Certes, en 2018 tout comme en 1968, les travailleurs travaillent (sauf les chômeurs et les malades), les décideurs décident, les possédants possèdent et les non-possédants galèrent. Et de très fortes inégalités séparent ceux qui produisent le surproduit social et ceux qui se l'approprient. Rien n'est plus vrai, et je pense que là-dessus nous pouvons être d'accord pour constater les choses.
Il y a cependant des évolutions depuis cinquante ans, et cela tant dans les choses elles-mêmes et leurs contradictions, que dans les facteurs qui influent sur l'analyse et sur les représentations qu'on peut se faire de l'ensemble. Il y aurait là-dessus deux développements à élaborer, l'un sur l'évolution du réel (mondial, européen et français), depuis cinquante ans, l'autre sur l'évolution du système de représentation du réel (et un troisième, pendant qu'on y est, sur les influences réciproques des deux évolutions...).
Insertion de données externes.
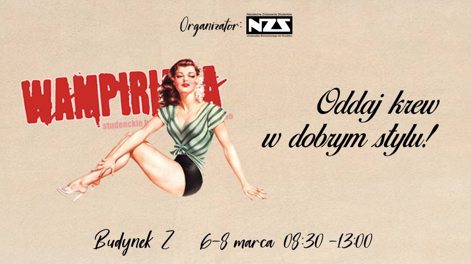 Niezależne Zrzeszenie Studentów Uniwersytetu Ekonomicznego zaprasza na wiosenną edycję Wampiriady– największej akcji honorowego krwiodawstwa w środowisku akademickim.

Et « en même temps, pardon de vous le dire », sur le plan général , c'est comme ça depuis « toujours » : l'Histoire écrite jusqu'à présent est sous-tendue par la lutte des classes, cf le Manifeste du Parti communiste. Depuis très longtemps les travailleurs travaillent (sauf les chômeurs et les malades), les décideurs décident, les possédants possèdent et s'approprient le surproduit, et les autres galèrent. Le problème est de savoir ce qu'on peut y changer, et comment. Les idées qu'on se faisait encore en 1968 à ce sujet n'ont certainement plus la même prégnance.
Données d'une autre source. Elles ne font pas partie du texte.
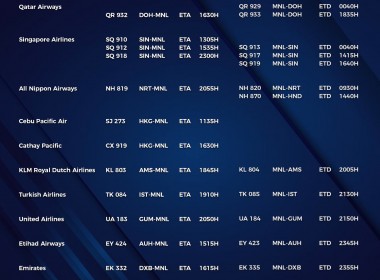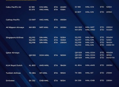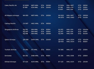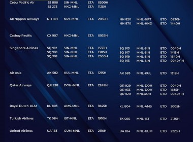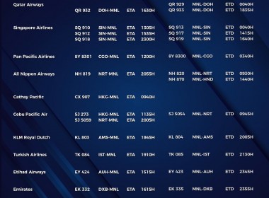 (Eagle News) — The Manila International Airport Authority has released its list of operational commercial flights for Sunday, July 11: MIAA advised passengers to get confirmation of their flights on the day of their supposed travel first before proceeding to the airport. It said flight schedules may be subject to changes. The travel ban on passengers from India, Pakistan, Sri Lanka, Nepal, Oman and the United Arab Emirates is still in effect until July 15. […]

Marx et Engels laissent entendre que les classes dominées deviennent montantes puis dominantes à leur tour grâce aux révolutions. Ils en donnent une bonne illustration pour la bourgeoisie, classe montante puis dominante (processus qui s'est poursuivi bien après la parution du Manifeste).
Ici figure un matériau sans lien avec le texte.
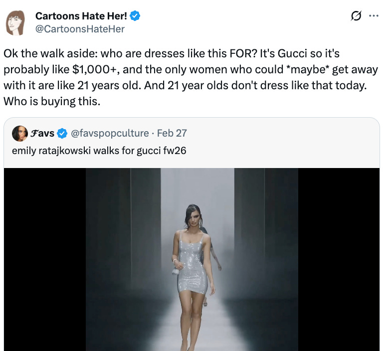 I asked a question because I was confused. Not because she didn’t look good (Emily Ratajkowski would look good in anything) but because for the past year, maybe the past two years, I have been told relentlessly that being “high fashion” or being “cool” in any meaningful way meant NOT WEARING STUFF LIKE THIS. And yes, a runway is “art” in a way that regular fashion isn’t, and I know this dress isn’t currently available in stores, but runway trends trickle down! So I asked: who exactly is such a dress for? The only people who could afford it would probably never wear it. And just as I was about to doze peacefully off to sleep, I became Twitter’s Main Character.

Le raisonnement est très aventureux pour les changements précédents : l'esclavagisme antique n'a pas été aboli par les esclaves constitués en classe révolutionnaire, ni le féodalisme par les serfs. Il n'y a pas de raison historique et rationnelle pour que la classe ouvrière industrielle telle qu'elle existait au XIXème siècle ou telle qu'elle existe encore aujourd'hui au Bangla Desh par exemple, se constitue en « classe montante » puis, à l'issue d'une révolution, « dominante ». Il n'y a que des « raisons » métaphysiques, philosophiques, c'est en définitive une croyance religieuse (encore très courante en mai 68 et au-delà. Le prolétariat est privé (comme les esclaves d'autrefois) de toute prise sur l'Histoire pour sa partie paupérisée, et il se déprolétarise pour la partie la plus évoluée.
La lutte des classes a-t-elle disparu ? Non, mais elle a totalement changé d'aspect (le monde s'est bien davantage transformé entre 1968 et 2018 qu'entre 1846 et 1896...)., et échappe aux vieux périscopes rouillés du marxisme messianique. La lutte pour le progrès profitant à tous et à l'espèce ne réside plus là.